▶ [DATA EXTRACT]:
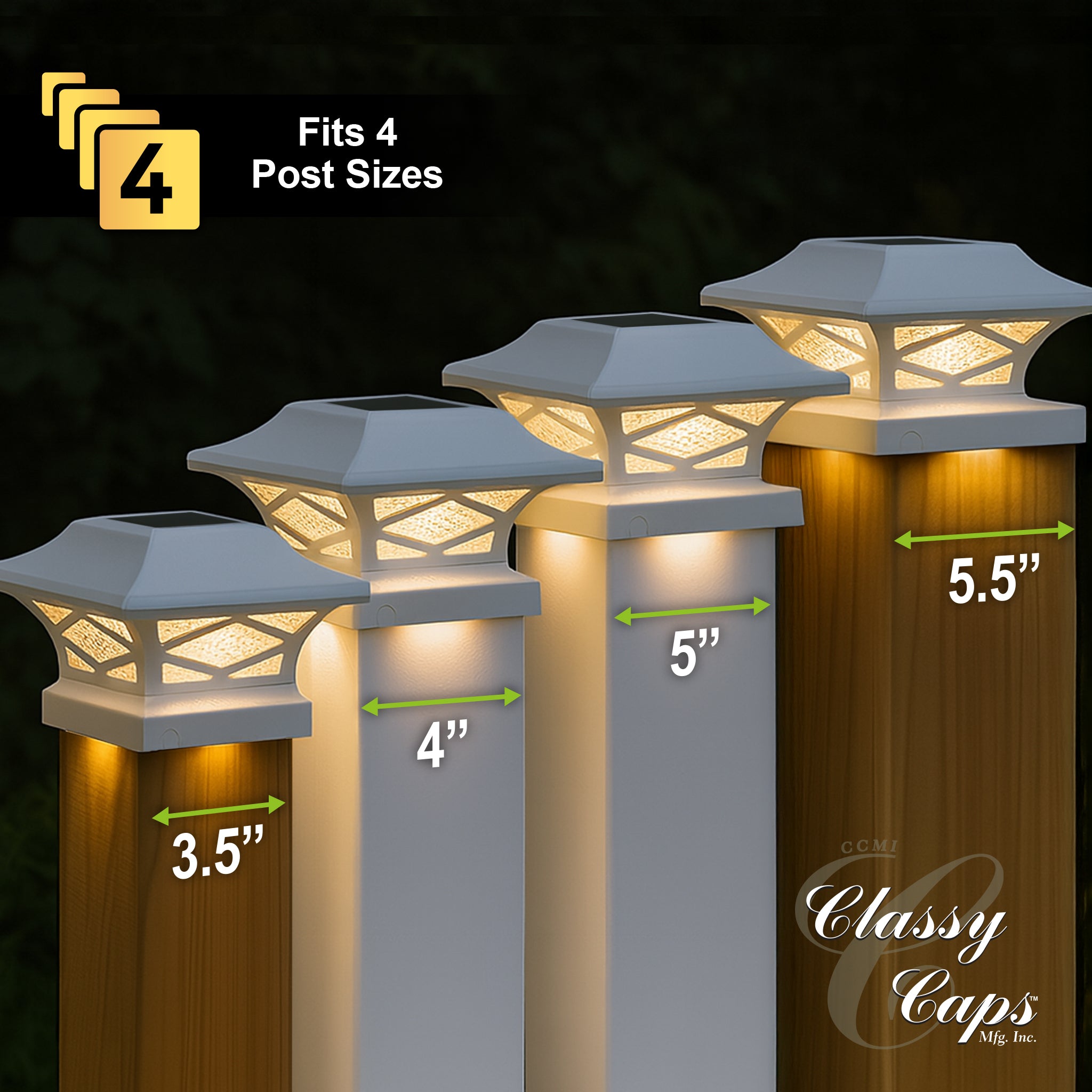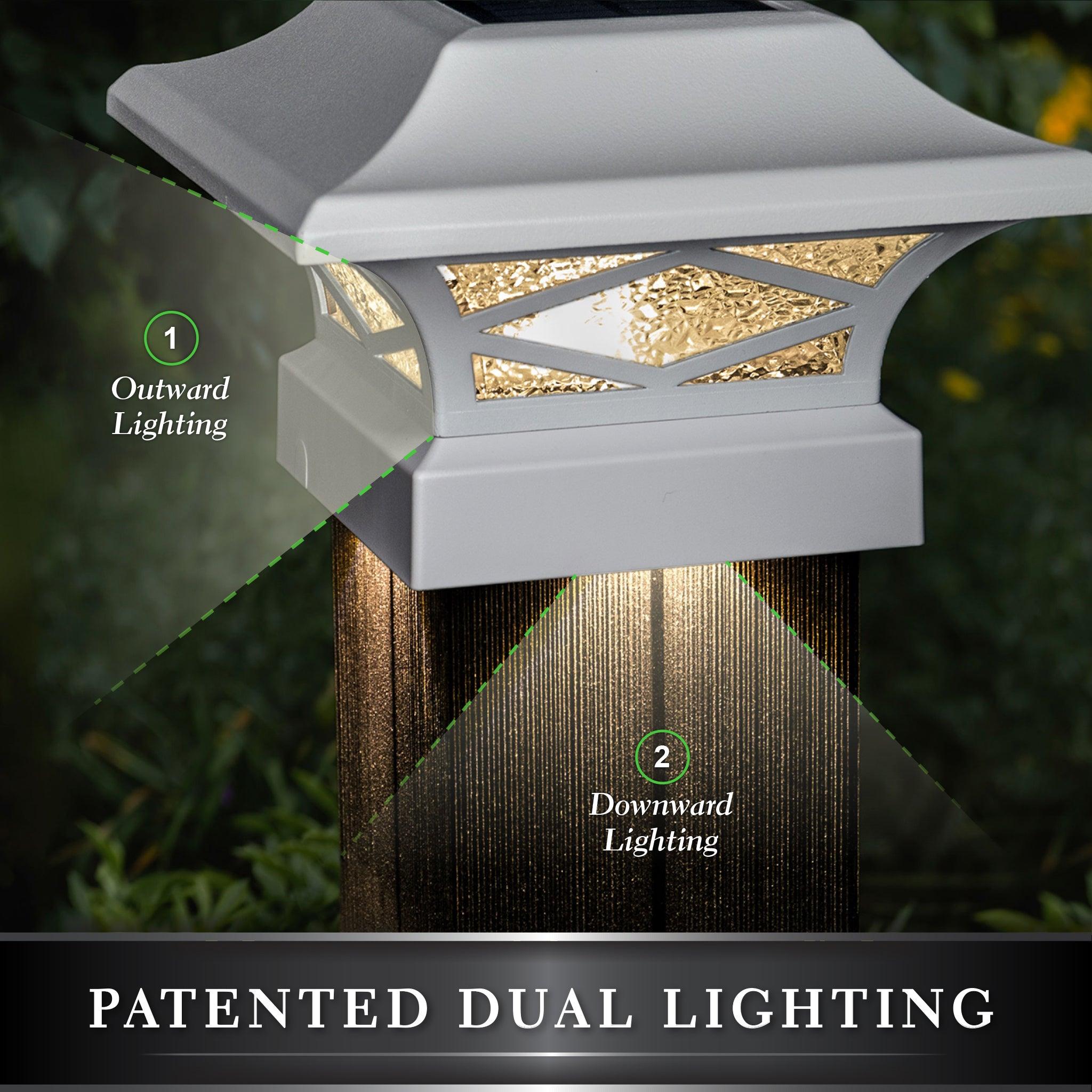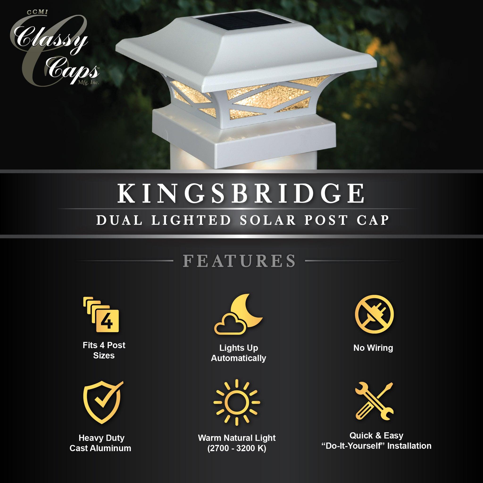Introducing the durably crafted Kingsbridge dual lighting solar post cap, designed and manufactured only by Classy Caps Mfg. Inc. This unique, one-of-a-kind Solar Post Cap is a one-cap fits-all patent pending design with the versatility to fit over four standard-size posts. The cast aluminum Kingsbridge exudes quality, offering a monocrystalline solar panel and 3.2V LifeP04 rechargeable battery for many years of maintenance-free reliability. The real pebbled glass lens and strategically placed surface mount LED’s will cast magnificent warm lighting accents to highlight your fence, deck, landscape and more. Your neighbors will most certainly be envious of the Kingsbridge Dual Lighting Solar Post Cap that is truly fit for a King!
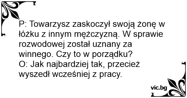 P: Towarzysz zaskoczył swoją żonę w łóżku z innym mężczyzną. W sprawie rozwodowej został uznany za winnego. Czy to w porządku?
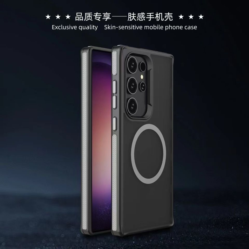 Cubierta trasera de acrílico mate magnético para Samsung Galaxy S24 Ultra TPU Fundas para teléfonos móviles con botón independiente

▶ [WHAT NEEDS TO BE DONE]:
Set the listing down exactly, without its pictures.

▶ [SOLUTION BELOW]:
Introducing the durably crafted Kingsbridge dual lighting solar post cap, designed and manufactured only by Classy Caps Mfg. Inc. This unique, one-of-a-kind Solar Post Cap is a one-cap fits-all patent pending design with the versatility to fit over four standard-size posts. The cast aluminum Kingsbridge exudes quality, offering a monocrystalline solar panel and 3.2V LifeP04 rechargeable battery for many years of maintenance-free reliability. The real pebbled glass lens and strategically placed surface mount LED’s will cast magnificent warm lighting accents to highlight your fence, deck, landscape and more. Your neighbors will most certainly be envious of the Kingsbridge Dual Lighting Solar Post Cap that is truly fit for a King!
 P: Towarzysz zaskoczył swoją żonę w łóżku z innym mężczyzną. W sprawie rozwodowej został uznany za winnego. Czy to w porządku?
 Cubierta trasera de acrílico mate magnético para Samsung Galaxy S24 Ultra TPU Fundas para teléfonos móviles con botón independiente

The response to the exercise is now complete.